Lesson6_BinarySearch.py

"""Examples of left and right binsearch"""
def lbinsearch(l, r, check, checkparams):
    while l < r:
        m = (l + r)//2
        if check(m, checkparams):
            r = m
        else:
            l = m + 1
    return l

def rbinsearch(l, r, check, checkparams):
    while l < r:
        m = (l + r + 1)//2
        if check(m, checkparams):
            l = m
        else:
            r = m - 1
    return l

"""Task1"""
"""The board of school consists of parents, teachers and pupils.
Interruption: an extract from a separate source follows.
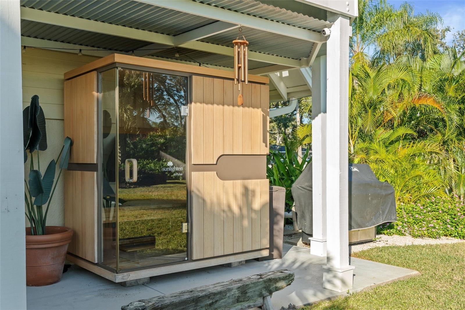 A Riverfront Retreat Where Coastal Living Meets Tranquility.. Immerse yourself in the serene rhythm of riverfront living in this custom-built coastal retreat on the Manatee River. Designed to embrace stillness, nature, and an effortless indoor–outdoor lifestyle, this home offers panoramic water views from nearly every room, whether you’re unwinding on the wraparound porch, greeting the morning from the owner’s suite balcony, or relaxing on the private deck of the guesthouse above the oversized two-car garage. Set on nearly one acre of lush, park-like grounds, the property feels like a secluded Old Florida sanctuary. 100+ year-old live oaks, breezy palms, and tropical gardens create a backdrop that enhances the home’s peaceful, retreat-like atmosphere. Inspired by coastal architecture and elevated with thoughtful craftsmanship, the main home features 3,411 sq ft, 3 bedrooms, and 2.5 baths, while a separate 600 sq ft studio with full bath offers flexible space for guests or a creative hideaway. Over 3,500 sq ft of covered porches invite you to slow down. Inside, a chef’s kitchen with Viking commercial appliances, granite counters, wood cabinetry, and a walk-in pantry anchors the home. A double-sided gas fireplace warms both the living and family rooms, while rich hardwood floors and detailed millwork bring timeless comfort throughout. Guests bedrooms with custom closets and feature either water or garden views. Upstairs, the owner’s retreat offers a spacious bedroom, flexible sitting/exercise/office alcove, two walk-in closets fitted with custom California closet systems, and a spa-like bath with footed tub, separate shower, and dual sinks. A private wet bar with refrigerator and a balcony overlooking the river complete this elevated sanctuary. The property’s resort-style amenities deepen the sense of escape: a saltwater pool and spa added in 2011, whole-home audio, central vac, and modern smart-home features. Built in 1999 to the 2004 code and updated in 2011, the home includes impact-rated windows, doors, and garage doors, plus newer Trane HVAC systems (main house 2020, studio 2019). The elevated design protected this home from severe flooding and a full crawl space for maintenance and storage. Also promoting whole-body wellness with a premium reverse osmosis system, a full-home salt-based water filtration, and a rejuvenating private spa experience featuring both a sauna and cold plunge, all designed to elevate daily living and support optimal health. A 320-foot dock with a 10,000 lb lift extends your living space into the river itself, a quiet place to take in sunrise or sunset, watch dolphins and manatees drift by, or cast a fishing line as pelicans glide overhead. 275 sqft of climate controlled and dehumidified storage space will keep all your gear ready and protected. All of this tranquility is perfectly balanced by proximity to vibrant coastal life: minutes to downtown St. Pete, the Bradenton Riverwalk, and the Gulf beaches, as well as dining, shopping, and cultural destinations. More than a home, this is a true waterfront retreat, and legacy estates like this are seldom on the market.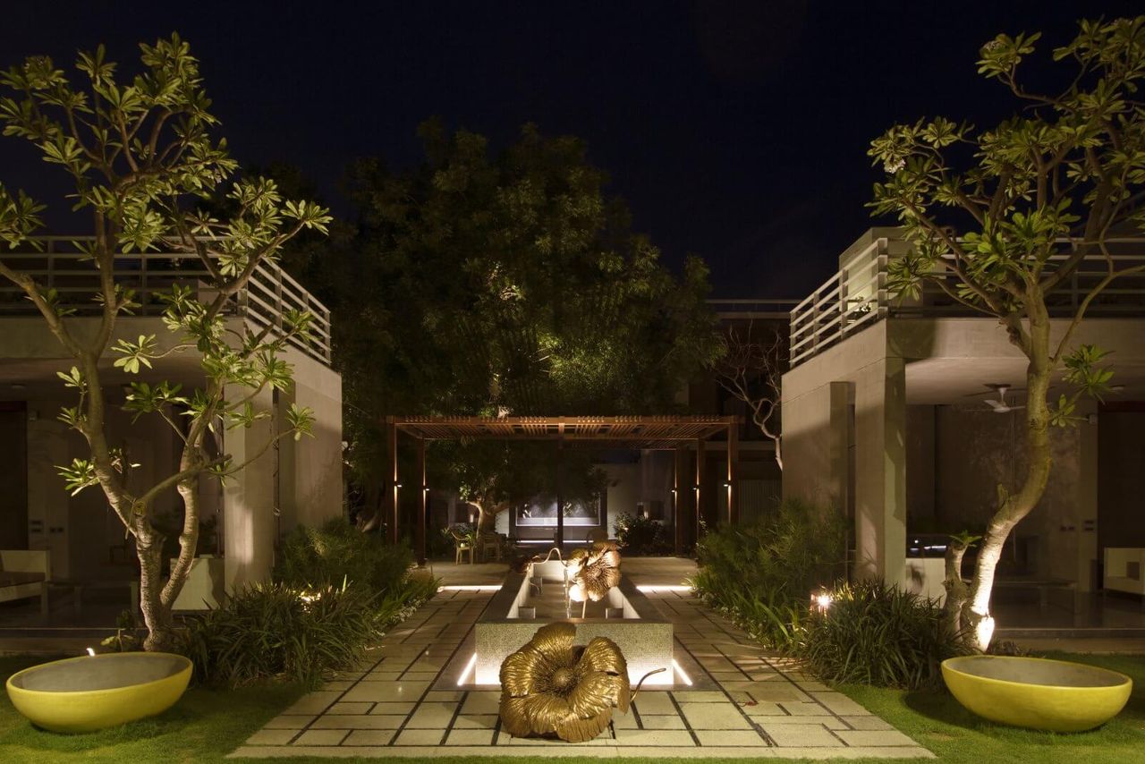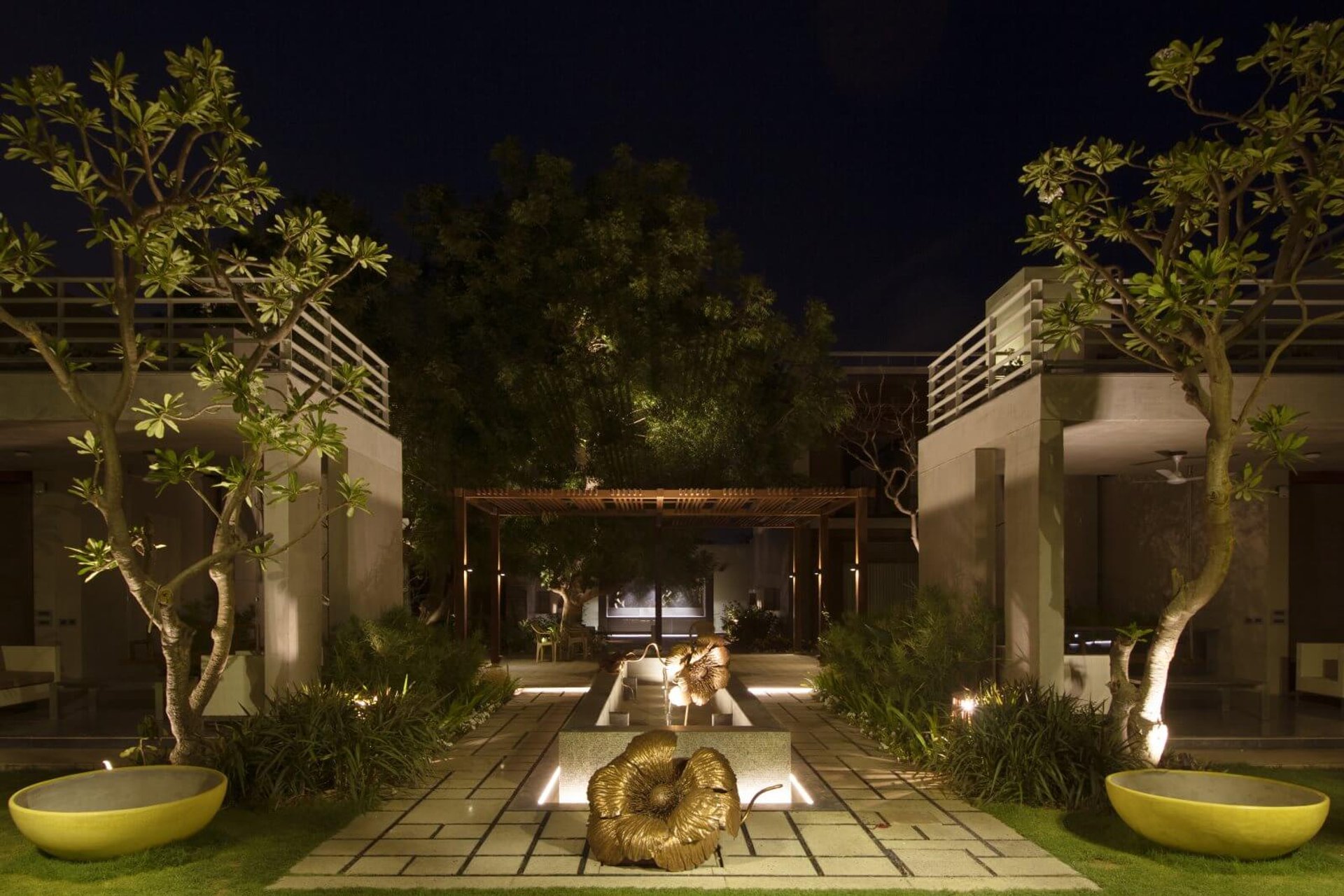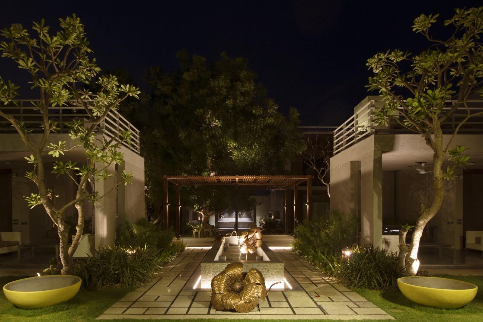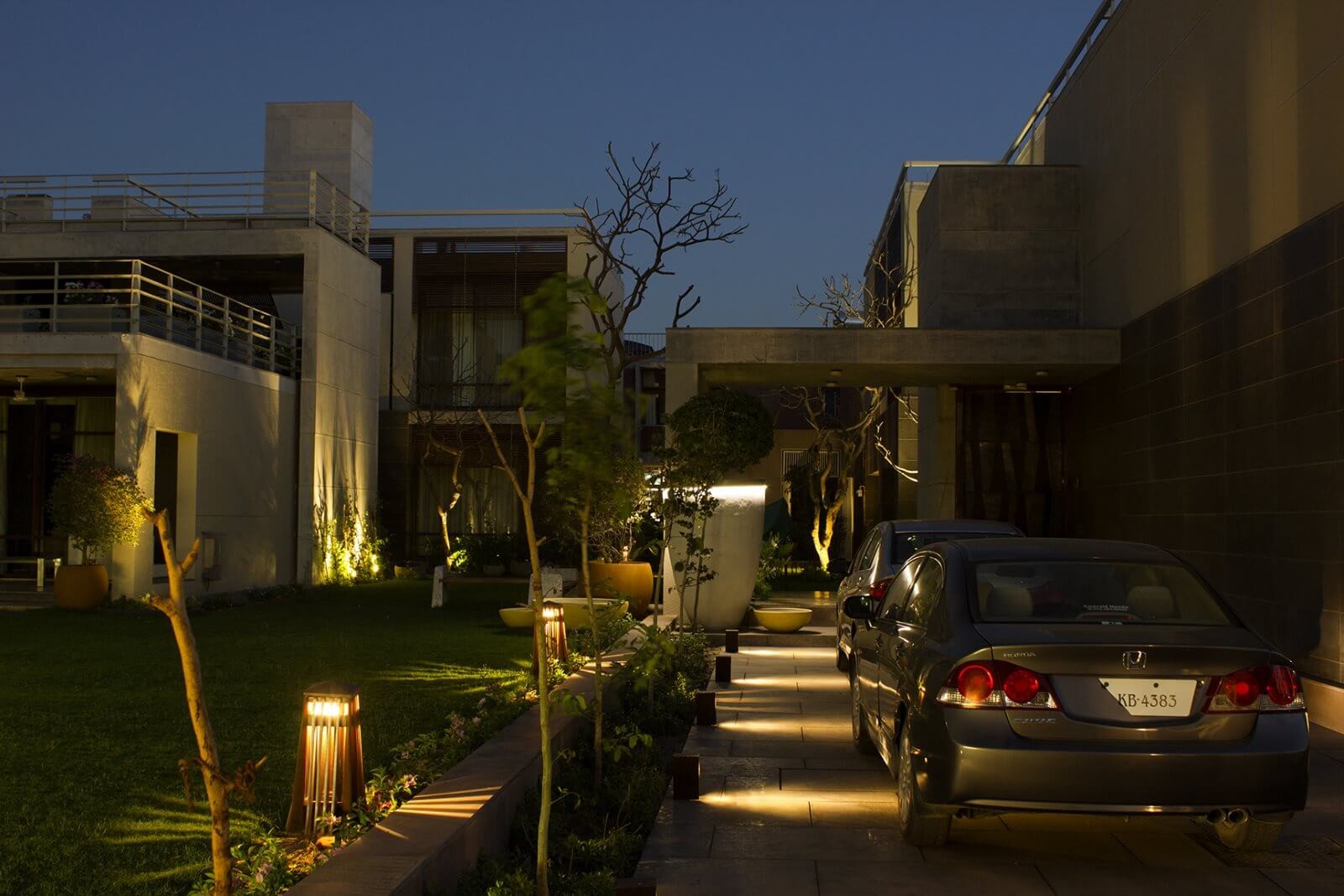 Atelier dada a été chargé de concevoir la mise en lumière paysagère du jardin commun entre les deux villas jumelles du client Dalal, situées dans un quartier résidentiel de luxe. Dans le respect des valeurs de frugalité et de durabilité, nous avons opté pour un éclairage minimaliste et discret, alliant confort visuel et sobriété. En utilisant du mobilier d’éclairage standard habilement dissimulé dans la végétation, chaque élément du jardin est délicatement mis en valeur, des arbres aux fonds de perspective, sans jamais surcharger l’espace. Notre approche paysagère vise à créer un espace extérieur intime et chaleureux, où chaque source lumineuse se fond dans le décor pour sublimer la nature environnante. Grâce à une collaboration avec des artisans locaux, ce projet met l’accent sur des matériaux à faible impact environnemental et des procédés de fabrication respectueux de l’environnement.

The number of parents should be not lower than 1/3 of total number of members.
At the current moment the board consists of N-number of people, and K-number of parents are there"""
"""Define how many parents should we add to the board so that our condition is true(not lower 1/3)"""

"""Solution"""
def lbinsearch2(l, r, check, checkparams):
    while l < r:
        m = (l + r)//2
        if check(m, checkparams):
            r = m
        else:
            l = m + 1
    return l

def checkendownment(m, params):
    n, k = params
    return (k + m) * 3 >= n + m

"""Task2"""
"""Yuriy is going to prepare for a job interview. He chose N-number of tasks. On the first day he solve K-number of task.
Each next day he solve one task more than previous day. Define how many days Yuriy will spend for preparation"""

"""Solution"""
def lbinsearch3(l, r, check, checkparams):
    while l < r:
        m = (l + r)//2
        if check(m, checkparams):
            r = m
        else:
            l = m + 1
    return l

def checkendownment2(days, params):
    n, k = params
    return (k + (k + days - 1)) * days // 2 >= n

"""Task3"""
"""Mikhail gives lectures. There is a board size of W*H sentimeters. He need to place N-number of square stickers with cheat sheets on it. The len of sides should be int numbers"""
"""Define a max len of side for a sticker, the way that all stickers will be placed on the board"""

"""Solution"""
def rbinsearch2(l, r, check, checkparams):
    while l < r:
        m = (l + r)//2
        if check(m, checkparams):
            r = m
        else:
            l = m + 1
    return l

def checkstickers(size, params):
    n, w, h = params
    return (w//size) * (h//size) >= n


"""Task4"""
"""Here are sorted and not descending sequence of N numbers and number X"""
"""We should define index of the first element which is greater or equal to X. 
If there is no such number we should return number N"""

"""Solution"""
def checkisge(index, params):
    seq, x = params
    return seq[index] >= x

def findfirstge(seq, x):
    ans = lbinsearch(0, len(seq) -1, checkisge,(seq, x))
    if seq[ans] < x:
        return len(seq)
    return ans

"""Task5"""
"""Here are sorted and not descending sequence of N numbers and number X"""
"""We should define how many times we meet the number X in the sequence"""

"""Solution"""

def checkisgt2(index, params):
    seq, x = params
    return seq[index] > x

def checkisge2(index, params):
    seq, x = params
    return seq[index] >= x

def findfirst2(seq, x, check):
    ans = lbinsearch(0, len(seq) -1, check,(seq, x))
    if not check(ans, (seq, x)):
        return len(seq)
    return ans

def countx2(seq, x):
    indexgt = findfirst2(seq, x, checkisgt2)
    indexge = findfirst2(seq, x, checkisge2)
    return indexgt - indexge

"""Task6"""
"""We have the interest rate on a loan (X% per year). Credit period - N-months and Loan sum - M-rubles"""
"""Define a sum of annuity monthly payment """

"""Solution"""
"""At first lets find a monthly perc"""
def checkmonthlyperc(mperc, yperc):
    msum = 1 + mperc / 100
    ysum = 1 + yperc / 100
    return msum ** 12 >= ysum

def fbinsearch(l, r, eps, check, checkparams):
    while l + eps < r:
        m = (l + r) / 2
        if check(m, checkparams):
            r = m
        else:
            l = m
    return l

x = 12
eps = 0.0001
mperc = fbinsearch(0, x, eps, checkmonthlyperc,x)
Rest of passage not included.